The seismic activity preceding and accompanying the September 30, 1996 subglacial eruption of the Grimsvötn volcano, Iceland, developed in three stages. (1) The first stage (first 19 h) included the main shock of magnitude M s 5.4 and its aftershocks along the northern slope of the Bardarbunga volcano, situated about 20 km NW from Grimsvötn. (2) Seismic foci during the next 17 h marked a line connecting two volcanoes, Bardarbunga and Grimsvötn. This stage culminated in the opening of a fissure and the beginning of eruption. (3) The third stage was observed during the eruption (midnight of September 30–October 7), and included continuous seismic activity along the northern slope of the Bardarbunga volcano as well as more western distributed epicenters, which together had clustered the ring-fault epicentral zone. A finite-fault, broadband teleseismic P waveform inversion was applied to the main shock of September 29. The inversion showed that the rupture had developed downdip from the hypocenter in about 3 s, and the main asperity was ruptured at depths between 4 and 6 km. A comparison with the deep distribution of aftershocks showed that their hypocenters were situated above the destroyed asperities at the depths between 0 and 4 km. These space-time seismic patterns and the results of the finite-fault inversion may be interpreted in the following way.
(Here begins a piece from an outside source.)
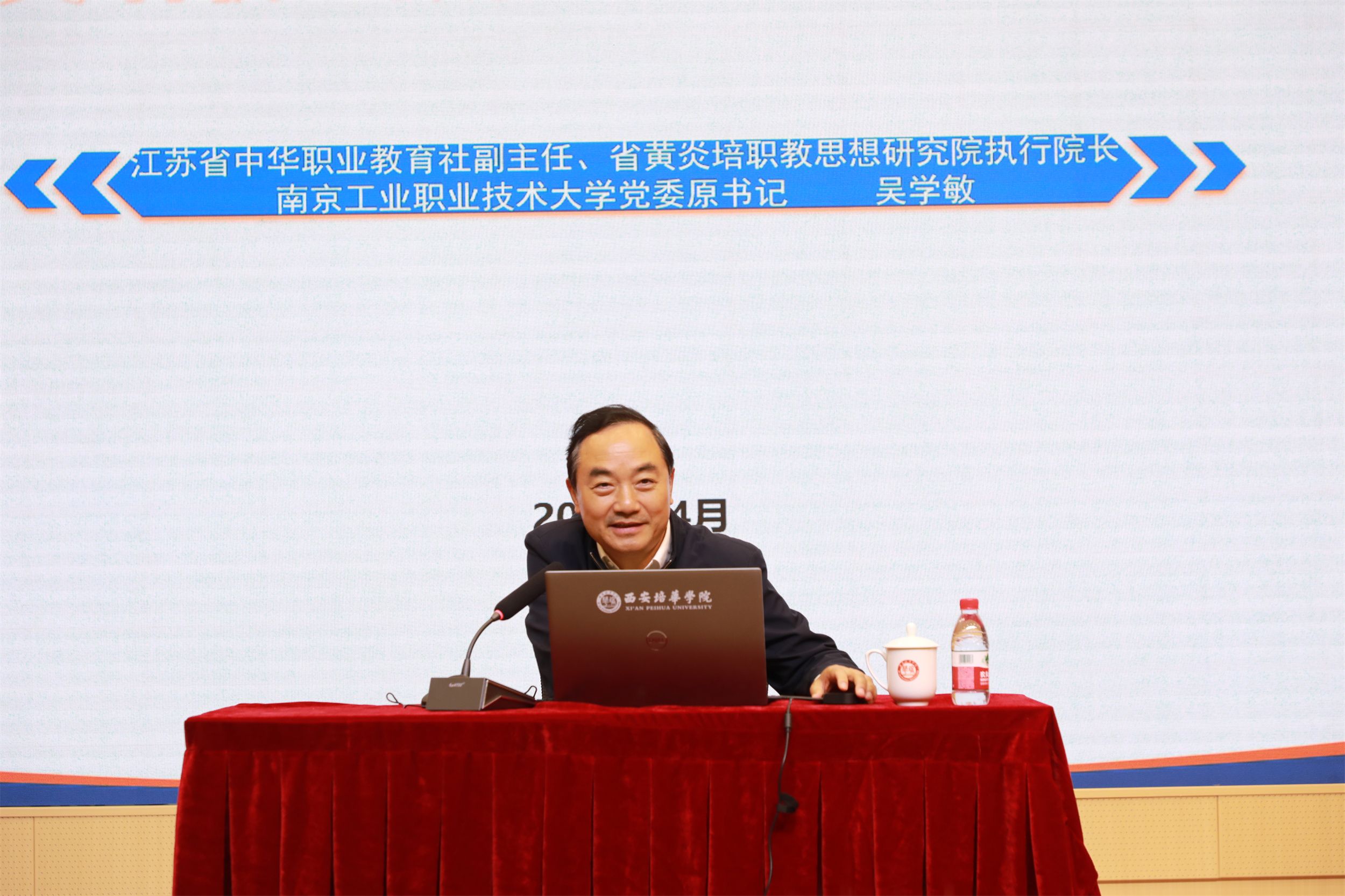 会议第二阶段“职教大讲堂”由西安培华学院副校长、学术委员会主席罗新远主持。江苏省政协委员、江苏省中华职教社副主任、江苏黄炎培职教思想研究院执行院长、南京工业职业技术大学党委原书记、研究员吴学敏作题为《黄炎培职业教育思想的传承与创新》的报告。
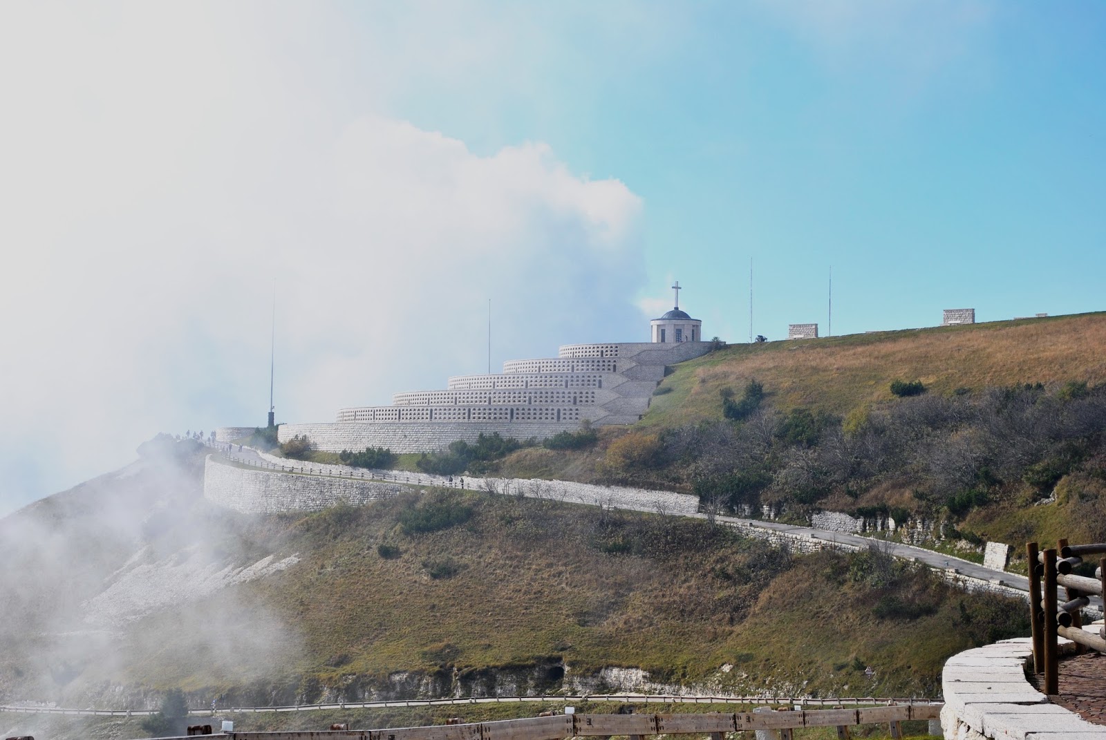 La strada ha un bel fondo, anche se occasionalmente si accumulano gli aghi di pino che invitano a scegliere traiettorie più tranquille. Man mano che si sale, entriamo anche in qualche nuvola. Arrivando in quota, la vegetazione si dirada per lasciare spazio ai prati. La strada diventa più sporchina per l'umidità e per dei riporti di fango dovuti anche al passaggio di animali da pascolo. Arriviamo in cima al Grappa e non può non suscitare emozione l'imponente Sacrario ai caduti della Grande Guerra.

There was a magma chamber under Bardarbunga volcano covered by the strong rocks, or asperities. The main shock of September 29 broke the asperity and formed a path for magma transport. Then a fissure was formed connecting the opened magma chamber with the feeding structures of Grimsvötn volcano, and magma was injected laterally to the site of eruption. The continuous seismic activity during the third period was related to the collapse of rocks around the released parts of the magma chamber. The role of the M s 5.4 earthquake in this sequence was decisive.